Four courageous and tireless advocates for human rights are the 2015 recipients of the prestigious Alison Des Forges Award for Extraordinary Activism, Human Rights Watch said on Tuesday.
The winners, leading voices for justice in their countries, are Nisha Ayub, a leading human rights defender on transgender rights in Malaysia; Yara Bader, a journalist and human rights activist who works to expose the detention and torture of journalists in war-torn Syria; Khadija Ismayilova, a prominent investigative journalist who has dedicated her life to fighting for human rights in the former Soviet republic of Azerbaijan; and Nicholas Opiyo, a leading human rights lawyer and founder of the human rights organization Chapter Four Uganda, who has worked tirelessly to defend civil liberties in Uganda.

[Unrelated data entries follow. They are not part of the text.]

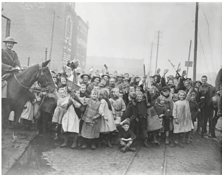
Figure 9 Frenchwomen and children cheering the arrival of the men of the British 57th Division at Lille, 18 October 1918. © Imperial War Museum, Q 9589.

this was not the end of military occupation: Allied armies remained in the liberated Nord for months, initially carrying out humanitarian work. A French military report underlined that for the period up to 25 November 1918 the British army provided considerable transport, food and health care to the destitute, hungry population, including transporting tens of thousands of refugees and saving the 790,000 inhabitants (450,000 of whom were in Lille-Roubaix-Tourcoing) from famine. The report's author described this as 'a marvellous act of systematic and ingenious charity' and concluded, 'For this beautiful work, [British] army heads and soldiers have the right to the most profound gratitude of France.' 25 However, eventually the British presence and regulations led to discontentment among locals, who complained of a second occupation. 26 Further, lack of provisions continued to plague the area despite the fact that on 31 December 1918 the CANF was abolished and the Ministry of Liberated Regions henceforth oversaw food provisioning and attendant controls. 27
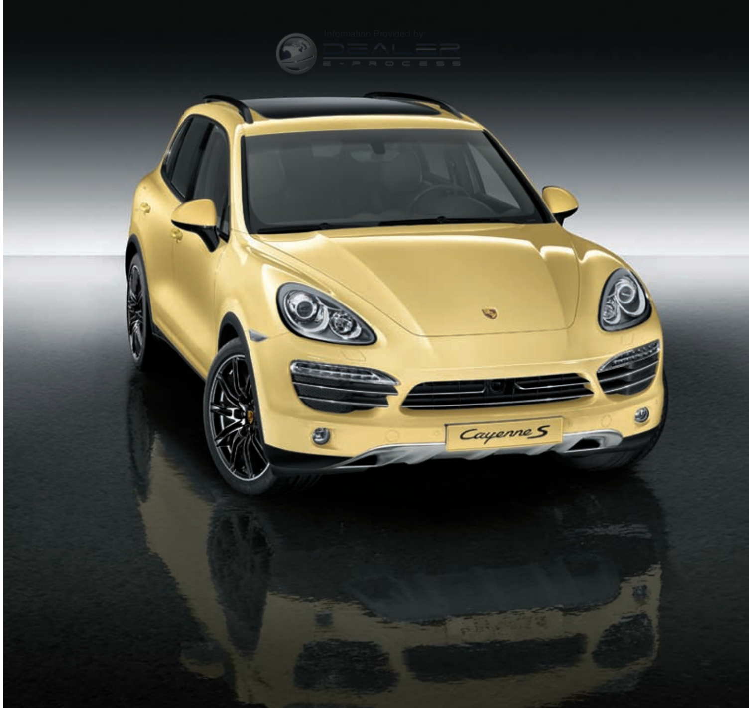
Cayenne S with extended exterior package painted in a black high-gloss finish, 21-inch Cayenne SportEdition wheels painted in a black high-gloss finish with wheel arch extensions
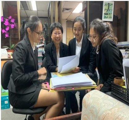
Ho & Associates
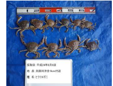
20. Ovalipes punctatus
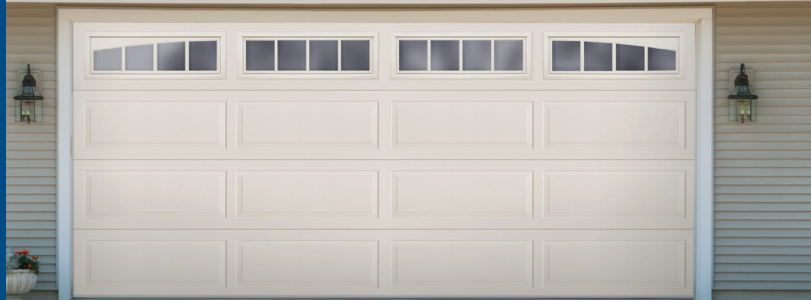
AP200 Almond Ranch with Breckenridge Windows
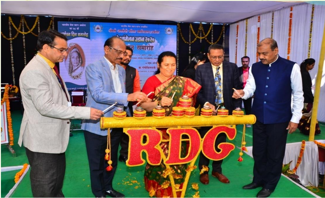
Inauguration of Gathering “Uddan – 2020” by Honourable Neelam Gorhe & other in-house dignitaries.
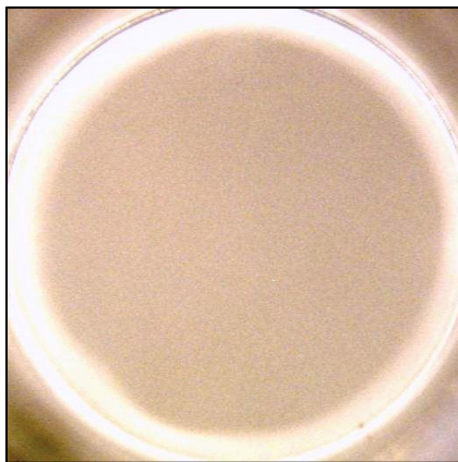
Stimulus: none ( 2 \times 10^5 cells/well)

Species reactivity: rhesus macaque, cynomolgus monkey, pig-tailed macaque, Japanese macaque, crested black macaque, lion-tailed macaque, baboon, mandrill, African green monkey, black mangabey, hanuman langur, marmoset
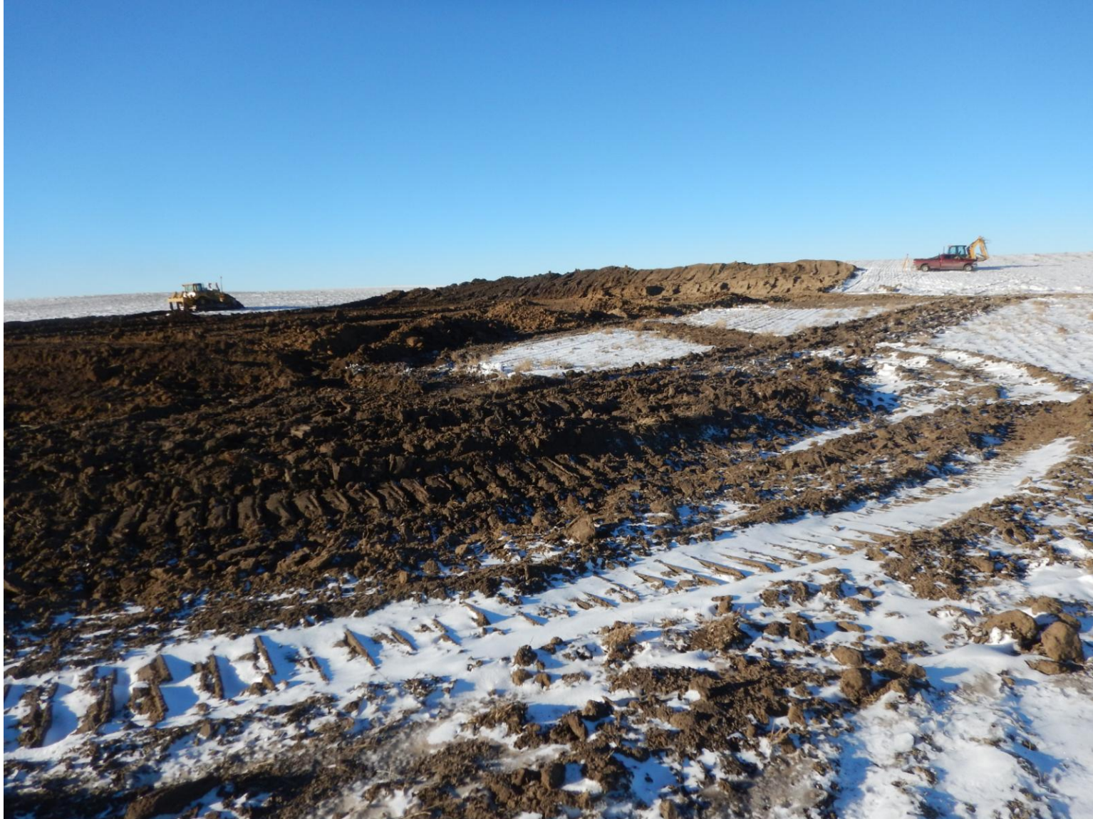
Figure 16: Photo taken from northeast corner of location, facing west. Photo shows disturbed areas exceeding stormwater BMPs.
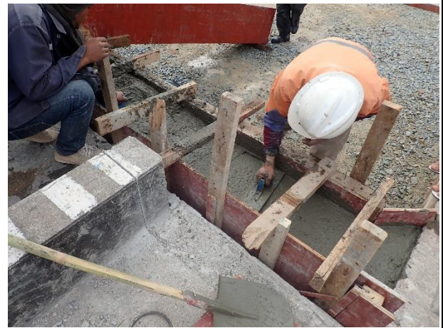
Concrete casting work on 6 th January 2023.

Slump test 12.0 cm, Concrete Temperature 27.5 °C
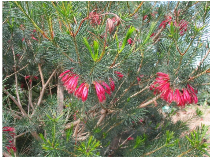
Calothamnus quadrifidus One-sided Bottlebrush
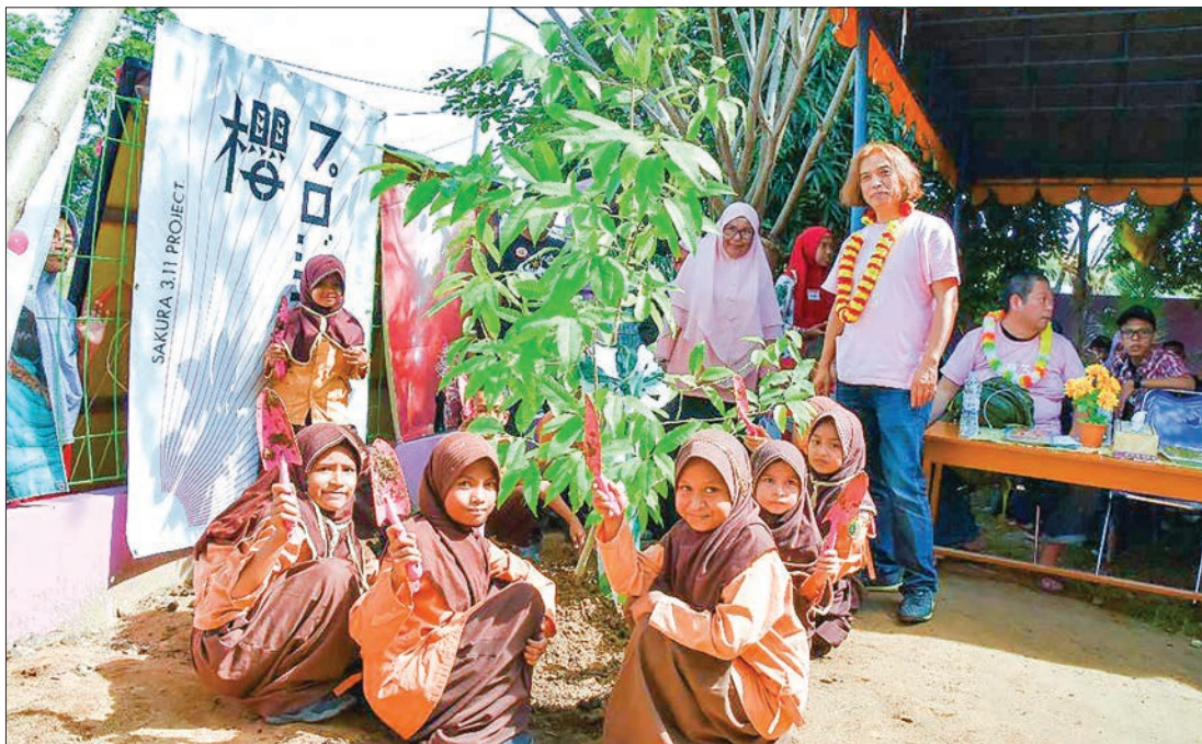
Japanese artist Takashi Murakami (standing) poses with local students after planting Jeumpa tree in Banda Aceh, Indonesia on 22 December, 2017.

BANDA ACEH, (Indonesia) — A group of colorfully dressed girls performed an energetic traditional welcome dance for Japanese artist Takashi Murakami, who was visiting their elementary school in Banda Aceh, the capital of Indonesia's westernmost province of Aceh, for a tree-planting event on Friday morning.
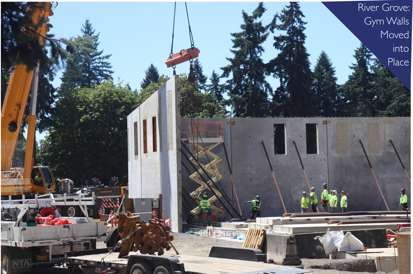
River Grove: Gym Walls Moved into Place
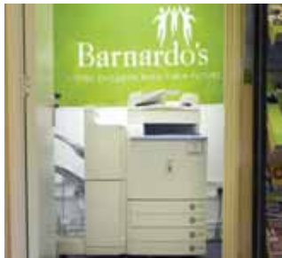
The Canon CLC3200 Multifunctional Colour Printer
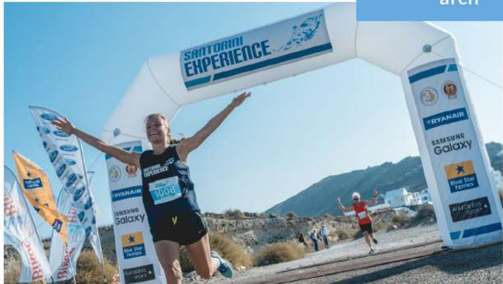
Logo at the starting – finish arch
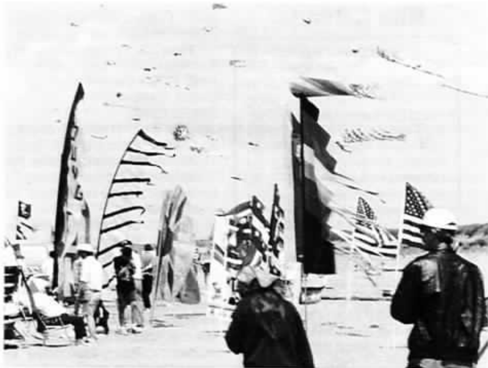
A view of some of the "camp sites" on the beach at last year's Westport Festival, showing the good winds and beautiful weather we hope to see this year.

Public please vote from 12 noon to 4 pm at the Registration Booth.
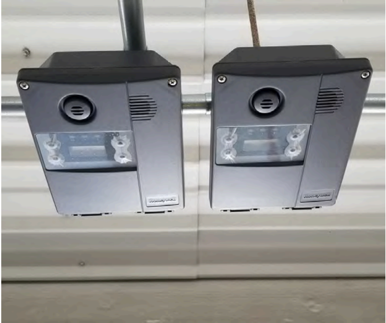
Upgrade Example: Methane Detection System Sensors
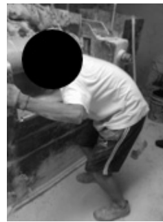
Activity 4: Mill cleaning
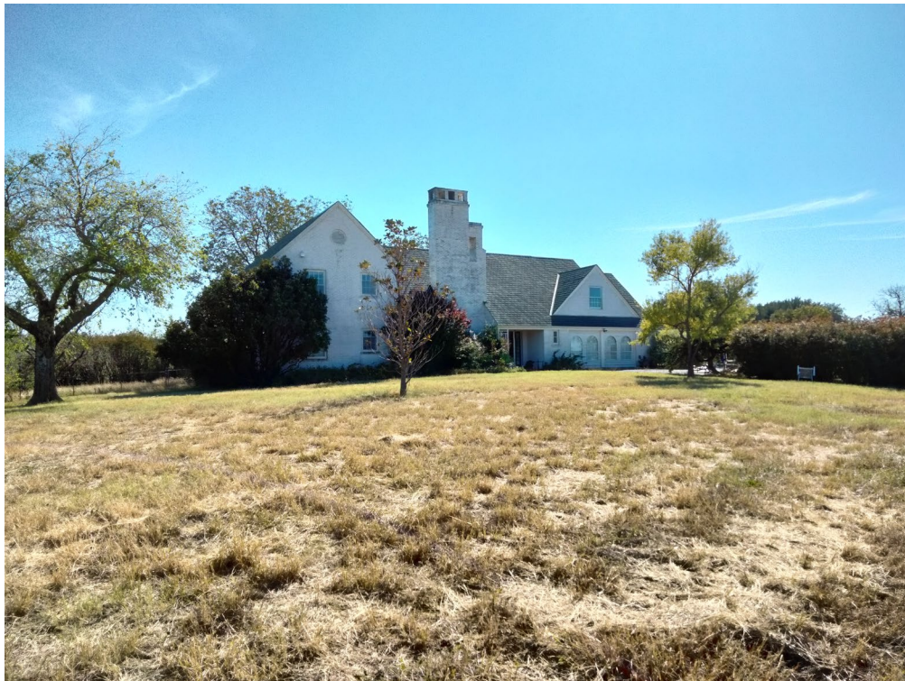
Fig. 4 – Showing primary structure. Note enclosed two-car garage on the right, Tudor-Revival style decorative brick chimneys and painted masonry.
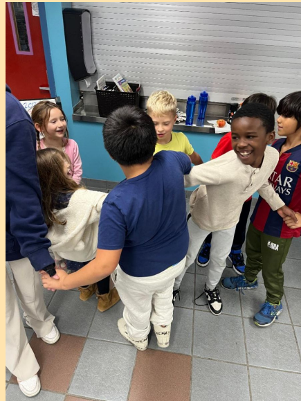
The human Knot challenge.
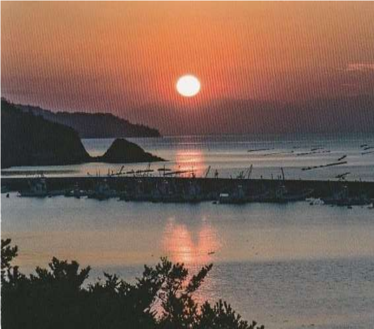
Sunset on the beach of Kyubuhama, ojika peninsula in Miyagi prefecture

We cordially announce the coming student program at a tsunami-hit fishermen's village
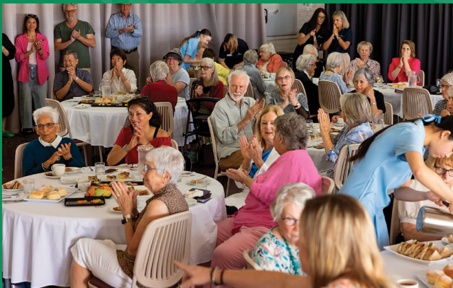
Seniors Morning Tea at Mosman Park Bowling Club

Tickets were drawn for spot prizes which ranged from a $100 voucher donated by Woolworths Cottesloe, a Garden Hamper donated by Bunnings Claremont along with various pot plants.
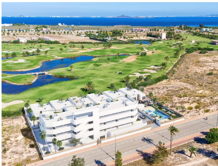
New Build Residential complex in Los Alcazares

Los Alcázares is an idyllic location for those looking to invest in a new residential property on the Costa Cálida. Just 25 minutes from Murcia Airport and approximately 55 minutes from Alicante Airport, this area is conveniently connected by highway to major cities like Cartagena, Murcia, and Alicante, as well as to other beautiful beaches along the Costa Cálida and Costa Blanca.
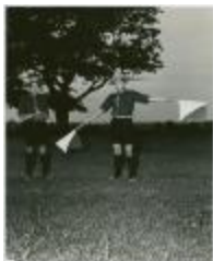
[Practicing flags at Cub Scouts] (13d-c5715-d63)
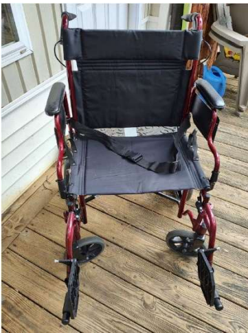
Purchased this new in September and only used it a handful of times, asking $250. My phone number is 216-712- 2925

Ismayilova is currently behind bars and on trial on bogus tax and other charges brought in retribution for her reporting.
"The Alison Des Forges Award honors people who work courageously and selflessly to defend human rights, often in dangerous situations and at great personal sacrifice," said the executive director of Human Rights Watch, Kenneth Roth.
"The honorees have dedicated their lives to defending the world's most oppressed and vulnerable people," she added.
The award is named for Dr. Alison Des Forges, senior adviser at Human Rights Watch for almost two decades, who died in a plane crash in New York State on February 12, 2009.
Ayub will be honored in Amsterdam; Bader in London and Paris; Ismayilova in Munich and Geneva; and Opiyo in Santa Barbara and Los Angeles.
Father Kinvi will tour North America and will be honored at dinners in New York, San Francisco, Silicon Valley, and Toronto. Dr. Rajagopal will be honored in Hanover.